Zhang Xuan tahu bahwa waktunya terbatas. Jadi, setelah menerima altar, dia memanggil Wu Chen. Dia bermaksud untuk langsung menembus penghalang dimensi dan segera kembali ke Azure.

Namun, pada saat ini, sebuah suara tiba-tiba berteriak.

“Tuan Muda, bawa saya bersamamu!”

Sun Qiang bergegas maju sambil menatap Zhang Xuan dengan mata memohon.

Tak lama setelah Zhang Xuan pergi, ia segera menyadari bahwa kemalasannya akan membuatnya kehilangan kesempatan untuk naik ke tingkatan yang lebih tinggi. Ia menyadari kenyataan pahit bahwa ia tidak lagi mampu mengimbangi Zhang Xuan.

Karena itu, selama setahun terakhir, ia berlatih mati-matian. Mengingat ia dulunya adalah pelayan Zhang Xuan, Paviliun Guru Agung dan Klan Zhang juga memberinya sumber daya yang cukup untuk kultivasinya.

Dengan begitu, ia berhasil mencapai tahap dasar Sage Kuno 4-dan, sama seperti yang lainnya.

“Kau juga ingin pergi ke Azure?” tanya Zhang Xuan dengan kerutan di dahinya.

“Ya, aku ingin mengikutimu!” jawab Sun Qiang dengan tekad.

Ia menyadari bahwa dirinya materialistis, dan ia menikmati memanfaatkan pengaruh dan reputasinya sebagai kepala pelayan Zhang Xuan dan seorang Bijak Kuno. Rasa hormat dan kekaguman yang diberikan orang lain kepadanya membuatnya dipenuhi kebanggaan. Namun entah mengapa… ia merasa ada sesuatu yang hilang, meninggalkannya dengan perasaan hampa yang aneh di dalam hatinya.

Seharusnya itulah yang ia dambakan sepanjang hidupnya.

Tetapi sekarang setelah ia memperoleh semuanya, ia mendapati dirinya mengenang masa lalu. Mengingat hari-hari yang menyenangkan di mana ia dengan percaya diri mencela para ahli yang jauh di atas levelnya membuat jantungnya berdebar kencang.

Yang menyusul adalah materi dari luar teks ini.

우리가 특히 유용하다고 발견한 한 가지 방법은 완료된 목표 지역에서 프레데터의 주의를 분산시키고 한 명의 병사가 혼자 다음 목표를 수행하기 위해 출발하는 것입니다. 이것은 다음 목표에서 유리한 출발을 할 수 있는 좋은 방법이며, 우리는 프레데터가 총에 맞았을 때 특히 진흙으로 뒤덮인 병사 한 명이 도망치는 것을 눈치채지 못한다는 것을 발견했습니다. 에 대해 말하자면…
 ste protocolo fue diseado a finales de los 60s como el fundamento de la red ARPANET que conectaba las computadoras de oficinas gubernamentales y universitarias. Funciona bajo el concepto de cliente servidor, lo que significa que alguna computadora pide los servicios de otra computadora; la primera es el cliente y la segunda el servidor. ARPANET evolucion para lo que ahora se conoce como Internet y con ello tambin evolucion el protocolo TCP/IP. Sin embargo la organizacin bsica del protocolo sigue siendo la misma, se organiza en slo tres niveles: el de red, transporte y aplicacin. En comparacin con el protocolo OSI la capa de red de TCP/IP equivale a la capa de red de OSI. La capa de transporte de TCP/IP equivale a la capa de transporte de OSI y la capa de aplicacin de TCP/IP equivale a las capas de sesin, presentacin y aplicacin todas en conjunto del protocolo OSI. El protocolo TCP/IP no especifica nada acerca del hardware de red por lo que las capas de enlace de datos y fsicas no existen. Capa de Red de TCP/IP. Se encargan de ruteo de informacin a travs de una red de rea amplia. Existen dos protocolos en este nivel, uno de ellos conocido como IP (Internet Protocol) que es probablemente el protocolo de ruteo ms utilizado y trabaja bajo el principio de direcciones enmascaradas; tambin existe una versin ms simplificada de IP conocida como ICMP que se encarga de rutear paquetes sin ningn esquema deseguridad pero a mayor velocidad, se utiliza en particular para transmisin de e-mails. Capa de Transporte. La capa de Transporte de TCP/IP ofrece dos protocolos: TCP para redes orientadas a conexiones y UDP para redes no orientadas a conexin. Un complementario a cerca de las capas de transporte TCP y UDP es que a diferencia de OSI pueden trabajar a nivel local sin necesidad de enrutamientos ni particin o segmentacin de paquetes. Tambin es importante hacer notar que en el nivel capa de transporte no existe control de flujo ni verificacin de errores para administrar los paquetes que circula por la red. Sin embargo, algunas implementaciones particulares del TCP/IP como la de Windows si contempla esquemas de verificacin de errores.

Ia menyadari bahwa itu sebenarnya adalah masa keemasan dalam hidupnya, dan ia sangat merindukannya.

Ia tidak ingin membatasi dirinya pada kehidupan yang membosankan di dunia kecil ini. Ia ingin mengikuti Tuan Muda. Ia tahu bahwa hanya dengan begitu ia dapat mengalami kehidupan yang penuh semangat seperti sebelumnya!

“Kami bermaksud untuk langsung menembus penghalang dimensi untuk memasuki Azure. Saat ini terlalu berbahaya bagimu, dan aku tidak yakin bisa melindungimu seperti ini. Namun, jika kau benar-benar ingin mengikutiku, kau bisa memasuki Azure melalui lorong spasial.

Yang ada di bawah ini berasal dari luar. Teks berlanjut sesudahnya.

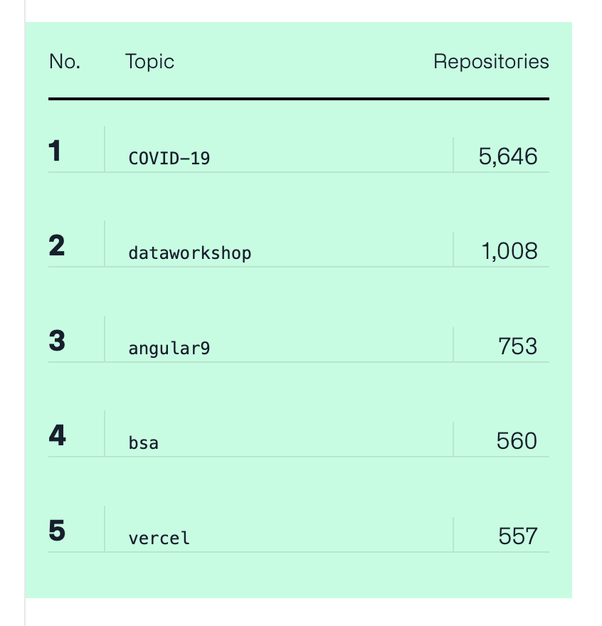 2020年にはレポジトリにつけられたトピックの3位にangular9がランクインしており、
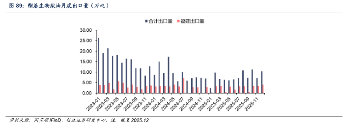 生物柴油出口量:截至2025年12月,中国生物柴油(酯基)出口量为10.47万吨,较上月+3.34万吨,其中福建生物柴油(酯基)出口量为4.07万吨,较上月+0.61万吨。
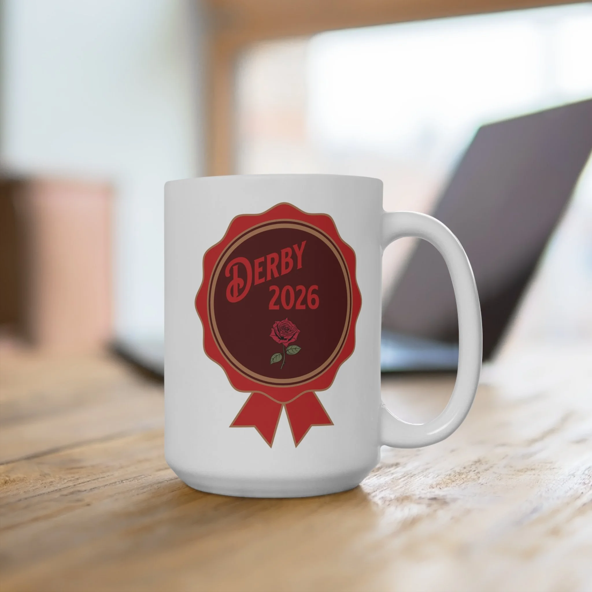 Derby 2026 Ribbon Badge Mug | Rose Emblem Coffee Cup
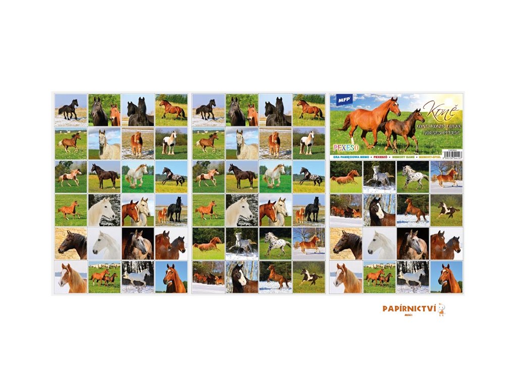 PEXESO je populární dětská stolní hra, která nikdy neomrzí a zapojit se můžou i dospělí. Pexeso - Koně - je vhodné pro milovnice a milovníky koní. Věděli jste, že slovo PEXESO vzniklo souslovím slov PEKELNĚ SE SOUSTŘEĎ? Výborná učební pomůcka pro děti a rodiče. Naučte své děti poznávat zvířata a procvičujte jejich paměť. Tato hra je zabaví na dlouhé hodiny.
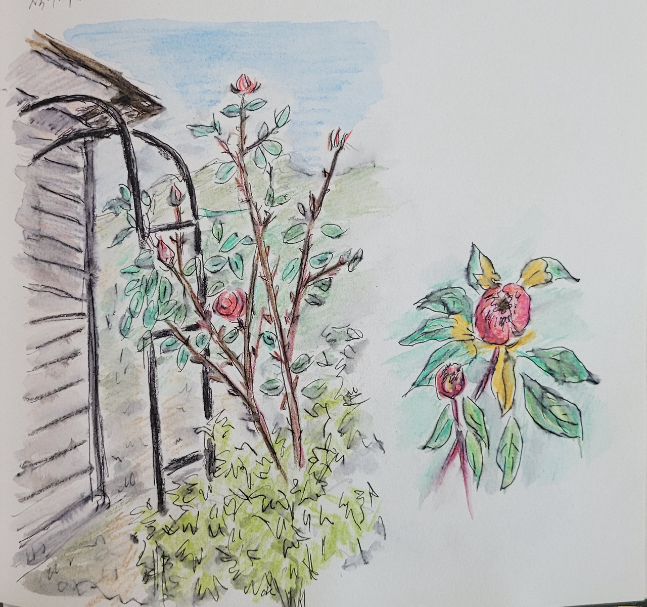 높이도 2미터가 넘고 폭도 꽤 넓은 아치였다. 높이 올라온 장미 송이를 연결해 주고 돌로 고정해 주니 장미도 살려 주는 것 같아 없을 때보다 훨씬 보기 좋다.
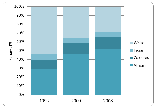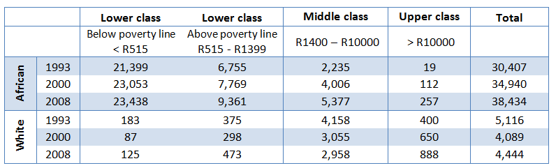 As shown in figure 2 below, the net result was a significant shift in the racial composition of the middle class: from a white majority in 1993 to an African majority by the end of the period. Falling numbers of middle-class whites are partly a function of the shrinking white population, also driven by high levels of white emigration particularly between 1993 and 2000. However, a small but notable number of whites have also moved into the upper class.

“Ini ada beberapa obat. Telanlah sebelum kau memasuki lorong spasial; obat ini akan menyembuhkan lukamu dan mencegahmu kehilangan kesadaran!”

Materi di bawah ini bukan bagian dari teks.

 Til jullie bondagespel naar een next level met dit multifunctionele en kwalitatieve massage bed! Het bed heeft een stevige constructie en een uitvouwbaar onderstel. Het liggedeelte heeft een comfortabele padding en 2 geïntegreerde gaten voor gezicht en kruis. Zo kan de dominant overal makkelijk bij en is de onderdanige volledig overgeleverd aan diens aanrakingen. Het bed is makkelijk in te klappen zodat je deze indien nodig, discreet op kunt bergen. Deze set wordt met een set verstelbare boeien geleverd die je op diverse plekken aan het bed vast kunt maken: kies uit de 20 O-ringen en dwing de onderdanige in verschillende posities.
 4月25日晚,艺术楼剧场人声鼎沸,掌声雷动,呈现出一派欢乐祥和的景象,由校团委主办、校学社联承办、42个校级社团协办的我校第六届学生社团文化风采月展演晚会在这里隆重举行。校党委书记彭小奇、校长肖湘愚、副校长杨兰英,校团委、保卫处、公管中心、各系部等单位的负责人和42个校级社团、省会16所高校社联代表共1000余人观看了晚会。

Dengan gerakan pergelangan tangannya, Zhang Xuan mengeluarkan sebotol sup ayam dan artefak pelindung sebelum memberikannya kepada Sun Qiang. Kemudian, dia menatap Sun Qiang dan berkata, “Setelah kau tiba di Azure, pergilah ke Paviliun Pedang Awan Ascendant dan laporkan namaku. Seseorang akan membawamu kepadaku.”

Tekanan untuk melewati penghalang dimensi secara langsung sangat besar, sehingga bahkan kultivator Sage Kuno tingkat 4-dan pun tidak mungkin selamat dari perjalanan tersebut.

Sun Qiang mengangguk gelisah.

Setelah menyelesaikan semua yang harus dia lakukan, Zhang Xuan tanpa ragu melepaskan segel kultivasinya, menyebabkan gema yang menggema di udara.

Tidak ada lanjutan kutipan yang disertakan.